A minor can enter into a valid contract -- in exchange for necessities of life or otherwise -- but the courts will not *enforce* non-essential contracts pertaining to minors; or, as you accurately put it, such contracts aren't (legally) binding.
They're still valid contracts, however, so long as there is nothing incoherent or legally improper in the form and provisions of the contract. They are *valid but non-binding* contracts.
Not quite they are fully binding on any non minor party. Another way of putting it would be that in a dispute relating to such a contract the minor party can never been a defendant, they can however be a plaintiff.
Being a minor means he can't give anything away either, the IP would still belong to Apple.
Apple still own their IP. However they cannot force him to hand over (or licence) his IP. If he were both a US citizen and resident in the US then there would be little question that all of the IP was Apple's However since he appears to be neither, he may well enjoy full copyright protection on any code he contributed. Without either a licence or assignment of copyright Apple cannot use his code.
They seem to be deliberately screwing him rather than making arrangements like before (and screwing themselves... Finlay's a force to be reckoned with, he's put a lot of effort into OSX).
Which Apple now can't use without his permission anyway.
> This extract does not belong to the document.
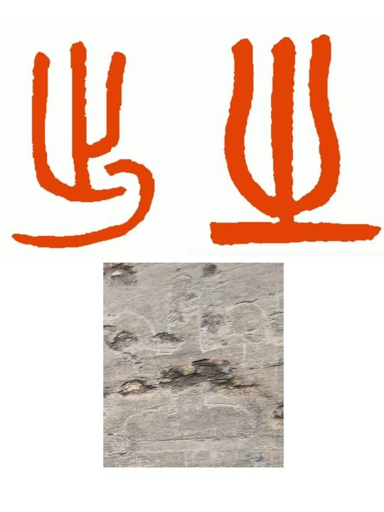 图中分别是篆书“出”(上左)、篆书“之”(上右)和铭题争议之字(下中)。

British copyright law is subtly different from that in the US when it comes to "derived works", too.
and I mean that seriously. Why should Apple throw away any code this kid wrote?
Well one reason is that he is perfectly able to deny them any right to use it. If Apple had an agreement to give then a licence to use it, even to assign copyright to them then he can void that agreement.
I am not a lawyer either, but I can feel something wrong with your argument. Do you mean all sales to minors are void? If my 17 year old son popped four quarters into a soda machine and got a can (and drunk it), can I get the money back on the presumption that the information printed in the machine assumes an implicit contract, which is void due to his being a minor? After all, by putting the coins in the slot, you agree to the terms that one dollar will get you a soda can.
You can't get the money back because you were never a party to any contract in the first place... Also contracts of sale, especially if they involve "essentials" (food, drink, accomodation, education, etc) tend to be binding regardles of if a party is a minor or not. Also I doubt using this quirk of civil law for criminal acts such as theft and fraud would work as a defence.
The GNU license suffers the same age of accountability limitation. So, MS could use 18 year olds to circumvent the GPL and there'd be nothing a court could do, since the age of accountability (contract-wise) is 18 in the US.
Actually there is plenty a court could do. Since using GPL code without following the GPL is "copyright infringement" (or as the likes of Microsoft prefer to call it "software piracy"). The only way Microsoft could get off the hook here would be to sucessfully argue that copyright does not apply to software. Which would be a complete "foot shooting" exercise.
If thee was such a problem with contract how do they make movies with minor's in them. "With a contract"!!! Doh!!! They still have to pay the minor and the minor has to perform or... no money.....
Effectivly it's a case of such a contract cannot be used to force the actor to act (if they are a minor) if they change their mind (including half way through shooting) then it's a case of tough luck. However the contract is binding on any non minor party (a corporate or an adult). So if they do act and don't get paid a court will uphold their claim.
Therefore, a minor is not bound by, say, the GPL, to release the code he/she takes for a closed-source project. The licensing of copyright is tricky, to say the least, if he/she decides to violate the GPL...
AFAIK minors do not have special status when it comes to infringing copyright.
The problem is, if they ever had to enforce the terms a minor almost always has the right to "disaffirm" the contract.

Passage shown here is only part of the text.